5. The method of claim 1, wherein the student machine learning model is a single-task model trained only to perform the first machine learning task, and wherein the model output includes only student output for the first machine learning task.

6. The method of claim 1, wherein the first and second light sources are selected from the group consisting of,

wherein the student machine learning model is a multi-task model trained to perform a plurality of machine learning tasks including the first machine learning task,

wherein the model output comprises a respective student output for each of the plurality of machine learning tasks,

wherein the training data comprises a respective plurality of training inputs for each of the plurality of machine learning tasks and a respective true value output for the first machine learning task for each of the plurality of training inputs for that machine learning task, and

wherein the training comprises training the student machine learning model on the training data to perform all of the plurality of machine learning tasks.

7. The method of claim 6, wherein the trained first teacher machine learning model is a multi-tasking model that has been trained on the plurality of machine learning tasks, and

wherein, for each of the plurality of machine learning tasks and for each of the plurality of training inputs for that machine learning task, the training further comprises:

processing the training input using the trained first teacher machine learning model to generate a teacher output for the machine learning task;

determining a weighted combination of the teacher output for the machine learning task and the true value output for the training input according to the weight values;

processing the training input using the student machine learning model and in accordance with the student parameters to generate student output for the machine learning task;

determining an update to the student parameter based on the gradient.

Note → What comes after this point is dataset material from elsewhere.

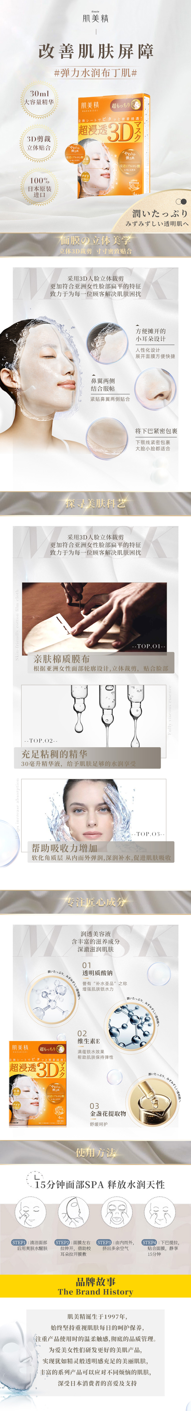 以能夠緊密貼合面部形狀的3D立體面膜,及以黏稠濃郁的美容液提升保濕效果的片狀面膜系列。進行超Q嫩護理,打造柔嫩有彈力的肌膚。添加肌美精獨有的“美肌緊致成分Ex(陽桃提取物*1、薏苡提取物、柚子神經酰胺*2、金盞花提取物以及甘油)”(肌膚調理成分)。打造緊致細膩的肌膚,解決肌膚煩惱。

8. The method of claim 6, wherein the trained first teacher machine learning model is a single task model, and

wherein, for each of the plurality of tasks and for each training input for that task, the training further comprises:

processing the training input using a different trained teacher machine learning model specific to the machine learning task to generate a teacher output for the machine learning task;

determining an update to the student parameter based on the gradient.

9. The method of claim 6, wherein the student machine learning model is a neural network comprising an encoder neural network shared among all of the plurality of machine learning tasks and a respective output neural network for each of the plurality of machine learning tasks.

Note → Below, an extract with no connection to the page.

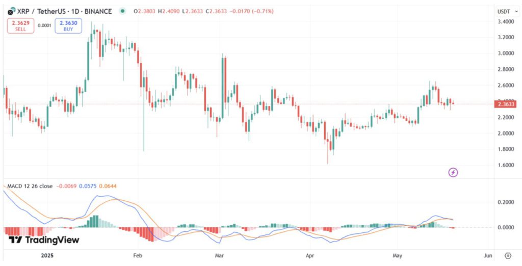 Pada 20 Mei 2025, XRP diperdagangkan di kisaran $2,37, naik lebih dari 3% dalam 24 jam terakhir.

10. The method of claim 6, wherein the model input of the student machine learning model is a text sequence of a natural language, and wherein the plurality of machine learning tasks are different natural language processing tasks executable on the text sequence.

11. The method according to any one of claims 1-10, further comprising:

pre-training the student machine learning model on an unsupervised task prior to the training.

12. The method of claim 11, wherein the first machine learning task is a natural language processing task and the unsupervised task is an unsupervised language modeling task.

13. The method according to any one of claims 1-10, further comprising:

after training the student machine learning model to perform at least the first machine learning task:

receiving a new network input for the first machine learning task; and

processing the new network inputs using the trained student machine learning model to generate new network outputs for the new network inputs of the first machine learning task.

14. A system comprising one or more computers and one or more storage devices storing instructions that, when executed by the one or more computers, cause the one or more computers to perform operations of the respective methods of any of claims 1-13.

15. One or more computer storage media storing instructions that, when executed by one or more computers, cause the one or more computers to perform operations of the respective methods of any of claims 1-13.